Even if there does no built-in function in HANA exists, there are workarounds how to do this in SQL. For the pivot-function it is possible to create new columns with CASE/WHEN and filter for particular values.

Pivot


First of all, we will create a test table with three columns. Let’s call the table TEST_A and the columns PROD, DATE_YEAR and SALES.

CREATE TABLE TEST_A(
PROD VARCHAR(1),
DATE_YEAR INT,
SALES INT);

Insert some data into the table and display the values. 

INSERT INTO TEST_A VALUES ('A',2015,123456);
INSERT INTO TEST_A VALUES ('A',2016,234567);
INSERT INTO TEST_A VALUES ('A',2017,345678);
INSERT INTO TEST_A VALUES ('A',2018,456789);
INSERT INTO TEST_A VALUES ('A',2019,567890);

PROD DATE_YEAR SALES
2015  123456 
2016  234567 
2017  345678 
2018  456789 
2019  567890 

Now we can pivot the values with CASE/WHEN

SELECT
PROD,
SUM(CASE WHEN DATE_YEAR = 2015 THEN SALES END) AS YEAR_2015,
SUM(CASE WHEN DATE_YEAR = 2016 THEN SALES END) AS YEAR_2016,
SUM(CASE WHEN DATE_YEAR = 2017 THEN SALES END) AS YEAR_2017,
SUM(CASE WHEN DATE_YEAR = 2018 THEN SALES END) AS YEAR_2018,
SUM(CASE WHEN DATE_YEAR = 2019 THEN SALES END) AS YEAR_2019 
FROM TEST_A 
GROUP BY PROD;

The result of the query is:

PROD YEAR_2015 YEAR_2016 YEAR_2017  YEAR_2018  YEAR_2019
123456 234567 345678 456789  567890 

Well, you don’t want to write this code every time, if you need to pivot a table. Because of this, we can use SQLScript to generate this code and execute it directly. If you have trouble to execute this code, you can also use instead of CREATE OR REPLACE just CREATE.

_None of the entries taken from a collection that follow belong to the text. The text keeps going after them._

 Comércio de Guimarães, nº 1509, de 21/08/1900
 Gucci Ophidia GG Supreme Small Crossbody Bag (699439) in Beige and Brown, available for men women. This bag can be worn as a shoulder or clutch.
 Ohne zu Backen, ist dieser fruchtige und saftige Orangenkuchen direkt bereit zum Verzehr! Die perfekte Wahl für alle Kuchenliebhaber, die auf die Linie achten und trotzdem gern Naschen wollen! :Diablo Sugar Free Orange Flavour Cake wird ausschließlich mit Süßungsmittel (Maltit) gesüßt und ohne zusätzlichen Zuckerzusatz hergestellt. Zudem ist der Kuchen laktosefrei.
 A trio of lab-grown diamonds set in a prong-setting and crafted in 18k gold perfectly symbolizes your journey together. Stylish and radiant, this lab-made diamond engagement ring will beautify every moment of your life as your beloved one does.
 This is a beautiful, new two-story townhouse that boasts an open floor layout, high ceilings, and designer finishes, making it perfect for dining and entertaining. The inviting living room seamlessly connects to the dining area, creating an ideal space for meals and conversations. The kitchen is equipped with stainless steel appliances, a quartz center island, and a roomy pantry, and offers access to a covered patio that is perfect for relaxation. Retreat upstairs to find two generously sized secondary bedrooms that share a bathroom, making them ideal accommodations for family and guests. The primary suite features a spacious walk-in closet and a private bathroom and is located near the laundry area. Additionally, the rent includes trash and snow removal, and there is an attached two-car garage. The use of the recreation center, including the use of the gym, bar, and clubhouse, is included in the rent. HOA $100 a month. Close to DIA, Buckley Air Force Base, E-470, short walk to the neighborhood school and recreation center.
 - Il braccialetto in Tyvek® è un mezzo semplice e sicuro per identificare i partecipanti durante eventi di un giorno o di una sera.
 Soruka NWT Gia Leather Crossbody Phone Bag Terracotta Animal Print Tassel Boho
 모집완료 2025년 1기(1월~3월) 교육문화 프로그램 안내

CREATE OR REPLACE PROCEDURE P_PIVOT(
IN table_name VARCHAR(127),
IN schema_name VARCHAR(127) , 
IN select_columns VARCHAR(2147483647),
IN agg_typ VARCHAR(20),
IN agg_column VARCHAR(127),
IN pivot_column VARCHAR(2147483647),
IN pivot_values VARCHAR(2147483647))
LANGUAGE SQLSCRIPT
SQL SECURITY INVOKER
READS SQL DATA AS
BEGIN
USING SQLSCRIPT_STRING AS lib;
DECLARE v_table_name VARCHAR(127) = table_name;
DECLARE v_schema_name VARCHAR(127) = schema_name;
DECLARE v_select_columns VARCHAR(2147483647) = select_columns;
DECLARE v_agg_typ VARCHAR(20) = agg_typ;
DECLARE v_agg_column VARCHAR(127) = agg_column;
DECLARE v_pivot_column VARCHAR(2147483647) = pivot_column;
DECLARE v_pivot_values VARCHAR(2147483647) = pivot_values;

DECLARE v_count INT= 0;
DECLARE v_idx INT;
DECLARE v_statement VARCHAR(2147483647);
DECLARE a_pivot_values VARCHAR(127) ARRAY;

/*
if all columns needed, use * to get the column names except v_agg_column,v_pivot_column
*/
IF v_select_columns = '*'
THEN
SELECT string_agg(column_name,',' ORDER BY position) INTO v_select_columns FROM sys.columns 
WHERE table_name = v_table_name
AND schema_name = v_schema_name 
AND column_name NOT IN (v_agg_column,v_pivot_column);
END IF;
/*
if all values in the pivot column should use for pivoting
*/
IF v_pivot_values = '*'
THEN
EXECUTE IMMEDIATE ('select string_agg('||:v_pivot_column ||', '','' order by ' || :v_pivot_column || ') from (select distinct ' || :v_pivot_column || ' from '|| :v_table_name || ')') into v_pivot_values;
END IF;

a_pivot_values := LIB:split_to_array( :v_pivot_values, ',' );
v_count = cardinality(:a_pivot_values);
v_statement = 'select ' || v_select_columns;

/*
generate the statement
*/
FOR v_idx IN 1.. v_count DO
v_statement = v_statement || ', ' || v_agg_typ || '(case when ' || v_pivot_column || ' = ' || :a_pivot_values[:v_idx] || ' then ' || v_agg_column || ' end ) as ' || v_pivot_column || '_' || :a_pivot_values[:v_idx];
END FOR;
v_statement = v_statement || ' from ' || v_table_name || ' group by ' || v_select_columns;
/*
execute the statement
*/
EXECUTE IMMEDIATE v_statement;
END;

You can call this procedure with list of parameters as listed below:

Parameter name Description 
table_name Name of table, which should pivot
schema_name  Name of schema, where the table is created 
select_columns  List of columns, which should display or * 
agg_typ  Type of aggregation like sum, count, min, max etc. 
agg_column  Column, which should aggregate 
pivot_column   Column, which should pivot 
pivot_values  List of values in the pivot_column, which should generate as separate columns or *. Please consider the maximum number of columns. 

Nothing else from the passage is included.